* WORK REQUIRED *
The output should be every line below, retyped exactly, with no images.

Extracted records
--- START ---

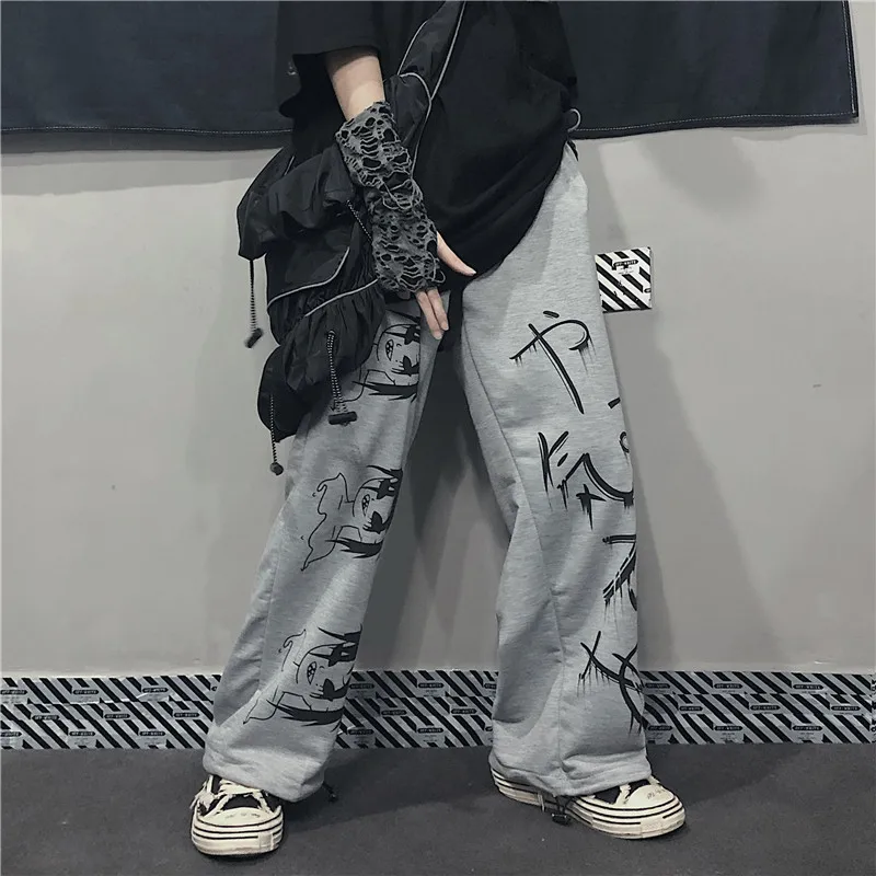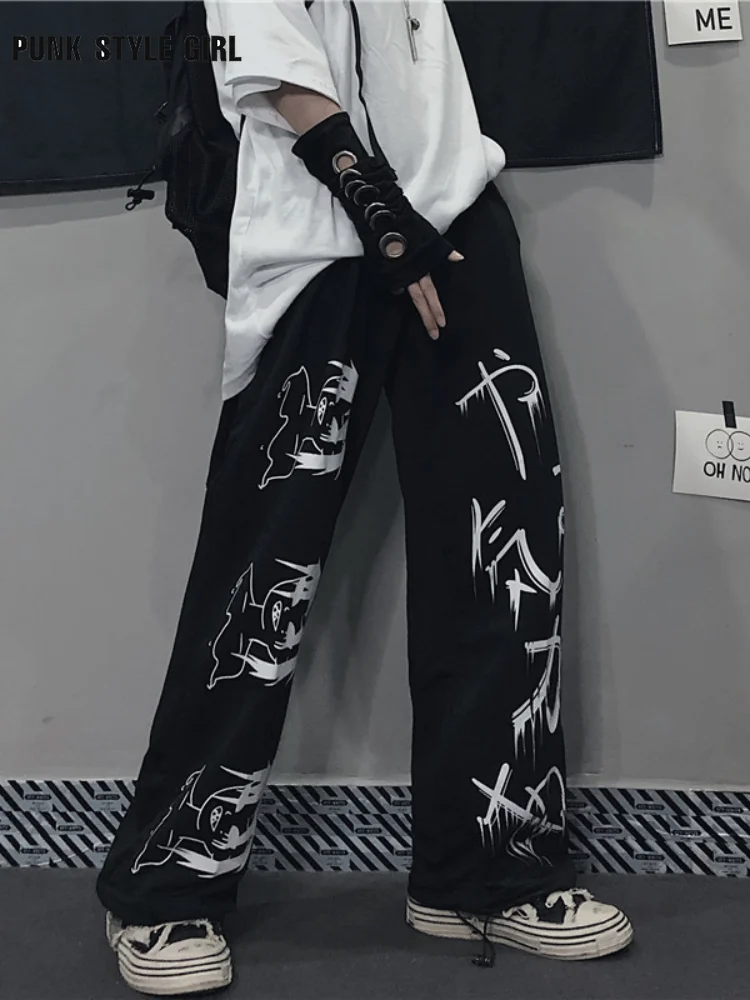 Кибер-джинсы в стиле Харадзюку, широкие штаны с мультяшным принтом E-Girl, одежда в стиле эмо, гранж, кавайные корейские брюки в стиле ольччан, аниме
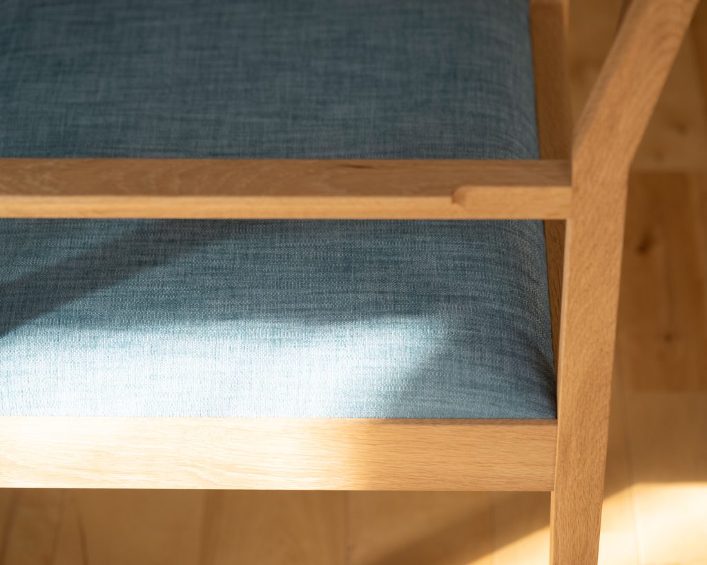 イギリスのカークビーデザイン社の生地を張りこんだ座面は座り心地もよく、ヴィンテージ感と気品を感じさせます。
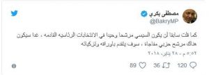 كما قلت سابقا لن يكون السيسي مرشحا وحيدا في الانتخابات الرئاسيه القادمه ، غدا سيكون هناك مرشح حزبي مفاجاة ، سوف يتقدم باوراقه وتزكياته كامله كمرشح منافس للسيسي
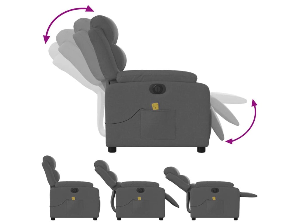 Multidom Elektrické masážne sklápacie kreslo tmavosivé látka
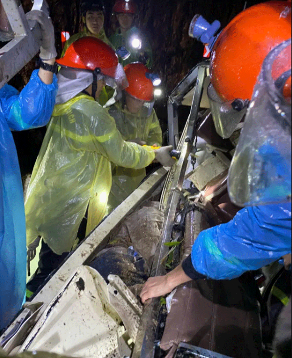 Theo Phòng CSGT, lượng đất đá lớn đổ thẳng vào phần hông phải xe theo hướng Đà Lạt – Nha Trang khiến phương tiện hư hỏng nặng. Thời điểm này, mưa lớn và tình trạng sạt lở tại km43 và km47 khiến lực lượng chức năng khó tiếp cận hiện trường. Đến khoảng 0 giờ, lực lượng cứu hộ mới tiếp cận được chiếc xe gặp nạn.
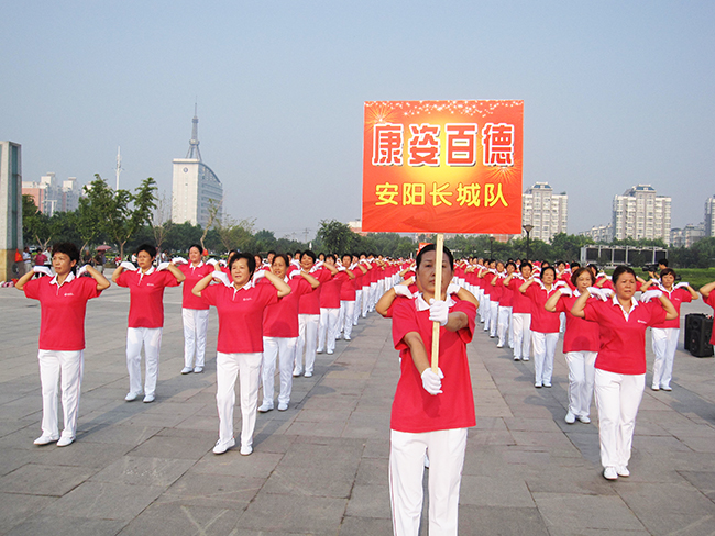 積極備戰(zhàn)9月份在秦皇島市舉行的2013“全民健身·快樂(lè)同行”大型公益活動(dòng)總結(jié)表彰大會(huì),進(jìn)一步提高廣大群眾的全民健身意識(shí)、推廣普及全民健身活動(dòng),康姿百德健身操展演比賽活動(dòng)近日相繼在安陽(yáng)市舉行,深受人們的喜愛(ài)。 8月15日上午,康姿百德第二套健身操大賽在安陽(yáng)市東區(qū)圖書(shū)館、博物館兩個(gè)廣場(chǎng)舉行,來(lái)自各個(gè)健身站點(diǎn)的520名康姿百德健身操隊(duì)員,在烈日的炙烤下,雖然個(gè)個(gè)汗流浹背,但卻精神抖擻、興奮不已。伴隨著一曲曲節(jié)奏明快、耳熟能詳?shù)囊魳?lè),13支代表隊(duì)輪流上場(chǎng)、各展風(fēng)采,隊(duì)員們時(shí)而伸臂擴(kuò)胸,時(shí)而扭腿墊步,動(dòng)作嫻熟整齊,隊(duì)形變幻奇妙,比賽現(xiàn)場(chǎng)猶如一幅幅美麗的畫(huà)卷,讓人應(yīng)接不暇,大飽眼?!?br style="margin:0px;padding:0px;" /> 此前,在8月8日舉行的安陽(yáng)市“全民健身日”啟動(dòng)儀式上,由450人組成的康姿百德健身操隊(duì)伍,以其龐大的陣容和精彩的演出,為人們傳遞了健康、快樂(lè)和幸福,得到了廣大群眾的一致好評(píng)。 據(jù)悉,8月24日,康姿百德產(chǎn)品說(shuō)明會(huì)又將在安陽(yáng)市兩館廣場(chǎng)舉行,屆時(shí)將再次舉行康姿百德健身操展演,并為在康姿百德第二套健身操大賽中獲獎(jiǎng)的代表隊(duì)頒獎(jiǎng)。

--- END ---

* SOLVED EXERCISE *
 Кибер-джинсы в стиле Харадзюку, широкие штаны с мультяшным принтом E-Girl, одежда в стиле эмо, гранж, кавайные корейские брюки в стиле ольччан, аниме
 イギリスのカークビーデザイン社の生地を張りこんだ座面は座り心地もよく、ヴィンテージ感と気品を感じさせます。
 كما قلت سابقا لن يكون السيسي مرشحا وحيدا في الانتخابات الرئاسيه القادمه ، غدا سيكون هناك مرشح حزبي مفاجاة ، سوف يتقدم باوراقه وتزكياته كامله كمرشح منافس للسيسي
 Multidom Elektrické masážne sklápacie kreslo tmavosivé látka
 Theo Phòng CSGT, lượng đất đá lớn đổ thẳng vào phần hông phải xe theo hướng Đà Lạt – Nha Trang khiến phương tiện hư hỏng nặng. Thời điểm này, mưa lớn và tình trạng sạt lở tại km43 và km47 khiến lực lượng chức năng khó tiếp cận hiện trường. Đến khoảng 0 giờ, lực lượng cứu hộ mới tiếp cận được chiếc xe gặp nạn.
 積極備戰(zhàn)9月份在秦皇島市舉行的2013“全民健身·快樂(lè)同行”大型公益活動(dòng)總結(jié)表彰大會(huì),進(jìn)一步提高廣大群眾的全民健身意識(shí)、推廣普及全民健身活動(dòng),康姿百德健身操展演比賽活動(dòng)近日相繼在安陽(yáng)市舉行,深受人們的喜愛(ài)。 8月15日上午,康姿百德第二套健身操大賽在安陽(yáng)市東區(qū)圖書(shū)館、博物館兩個(gè)廣場(chǎng)舉行,來(lái)自各個(gè)健身站點(diǎn)的520名康姿百德健身操隊(duì)員,在烈日的炙烤下,雖然個(gè)個(gè)汗流浹背,但卻精神抖擻、興奮不已。伴隨著一曲曲節(jié)奏明快、耳熟能詳?shù)囊魳?lè),13支代表隊(duì)輪流上場(chǎng)、各展風(fēng)采,隊(duì)員們時(shí)而伸臂擴(kuò)胸,時(shí)而扭腿墊步,動(dòng)作嫻熟整齊,隊(duì)形變幻奇妙,比賽現(xiàn)場(chǎng)猶如一幅幅美麗的畫(huà)卷,讓人應(yīng)接不暇,大飽眼?!?br style="margin:0px;padding:0px;" /> 此前,在8月8日舉行的安陽(yáng)市“全民健身日”啟動(dòng)儀式上,由450人組成的康姿百德健身操隊(duì)伍,以其龐大的陣容和精彩的演出,為人們傳遞了健康、快樂(lè)和幸福,得到了廣大群眾的一致好評(píng)。 據(jù)悉,8月24日,康姿百德產(chǎn)品說(shuō)明會(huì)又將在安陽(yáng)市兩館廣場(chǎng)舉行,屆時(shí)將再次舉行康姿百德健身操展演,并為在康姿百德第二套健身操大賽中獲獎(jiǎng)的代表隊(duì)頒獎(jiǎng)。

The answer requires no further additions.